• [EXERCISE DATA]
━━━━━━━━━━━━━━━━━━━━━━━━━━━━━━

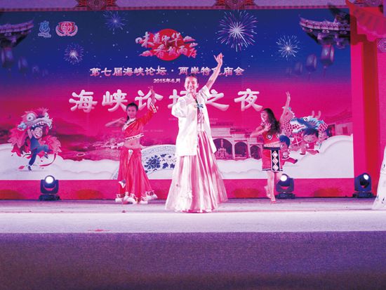 两岸特色庙会期间,在海沧市民广场,每晚都有不同主题的晚会呈现给市民朋友,尽显同根同源,同文同语的“两岸缘”,让市民朋友有得看、有得吃、有得玩。
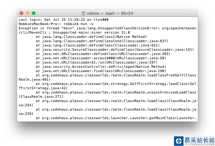 如果遇到以下異常,重新編輯bash_profile文件,增加export JAVA_HOME=/Library/Java/JavaVirtualMachines/jdk1.7.0_11.jdk/Contents/Home后,并重新運行$ source ~/.bash_profile即可。
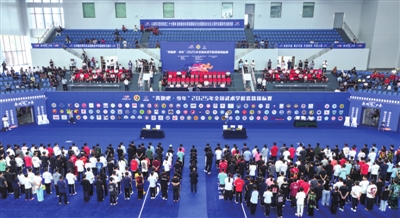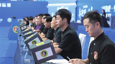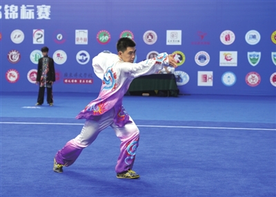提膝、弹腿、冲拳、步伐灵动出脚迅疾……当日上午8时,记者在现场看到,选手们身着明艳的武术服,精神抖擞,气势磅礴。在热身的时间里,他们大展身手,身法行云流水、拳法刚劲有力,各种武术套路被他们演绎得淋漓尽致,赢得阵阵喝彩。
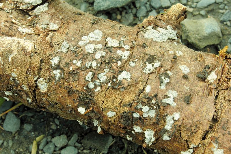 Diesen eher wie eine Flechte anmutenden Pilz hat Harald Ostrow von der Zugspitze mitgebracht - Stigmatolemma conspersum. Die winzigen Becher sind cyphelloide Basidios.

━━━━━━━━━━━━━━━━━━━━━━━━━━━━━━

• [TASK BRIEF] Strip out the pictures and repeat the listing above exactly.

• [RESULT BELOW]
 两岸特色庙会期间,在海沧市民广场,每晚都有不同主题的晚会呈现给市民朋友,尽显同根同源,同文同语的“两岸缘”,让市民朋友有得看、有得吃、有得玩。
 如果遇到以下異常,重新編輯bash_profile文件,增加export JAVA_HOME=/Library/Java/JavaVirtualMachines/jdk1.7.0_11.jdk/Contents/Home后,并重新運行$ source ~/.bash_profile即可。
提膝、弹腿、冲拳、步伐灵动出脚迅疾……当日上午8时,记者在现场看到,选手们身着明艳的武术服,精神抖擞,气势磅礴。在热身的时间里,他们大展身手,身法行云流水、拳法刚劲有力,各种武术套路被他们演绎得淋漓尽致,赢得阵阵喝彩。
 Diesen eher wie eine Flechte anmutenden Pilz hat Harald Ostrow von der Zugspitze mitgebracht - Stigmatolemma conspersum. Die winzigen Becher sind cyphelloide Basidios.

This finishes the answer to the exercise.